In this paper, we propose a new bounding box regression measure that outperforms and replaces the IoU measure, and we define the general properties of this new measure and propose an N-IoU loss family. This series of losses is more flexible and simple to calculate, and they can be used to obtain the optimal regression loss suitable for application scenarios by debugging parameter n.

We demonstrate the correctness of the proposed theory through mathematical reasoning and analysis of the previous work. We design simulation experiments and analysis to demonstrate the superiority of N-IoU performance.
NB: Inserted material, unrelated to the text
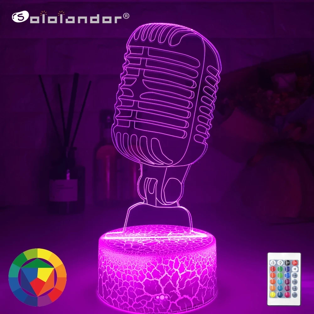 Музыкальный вентилятор, микрофон, креативная 3D Светодиодная иллюзия, новинка, настольная лампа, светодиодный декоративный Ночной светильник, детская лампа, настольная, классный подарок

After comparative experiments on multiple detector models and standard datasets, the following four conclusions can be drawn: (1) N-IoU performs better than the commonly used IoU measure; (2) it can better optimize the regression learning of highly overlapping instances; (3) it can be used more widely for object detection or image segmentation and (4) it has better optimization ability for lightweight detectors.

In the future research, we will evaluate and improve the proposed N-IoU in some key application domains, such as small target scenarios [51]. We will further enrich the theory of obtaining novel loss functions based on IoU composite modulation and explore other functional forms that are more in line with the characteristics and further study new generalization formulas for other metric-derived loss function, such as boundary-based loss functions, which representative works include boundary (BD) loss [52] and Hausdorff distance (HD) loss, or hybrid loss functions, such as combo loss [53] and exponential logarithmic loss [54].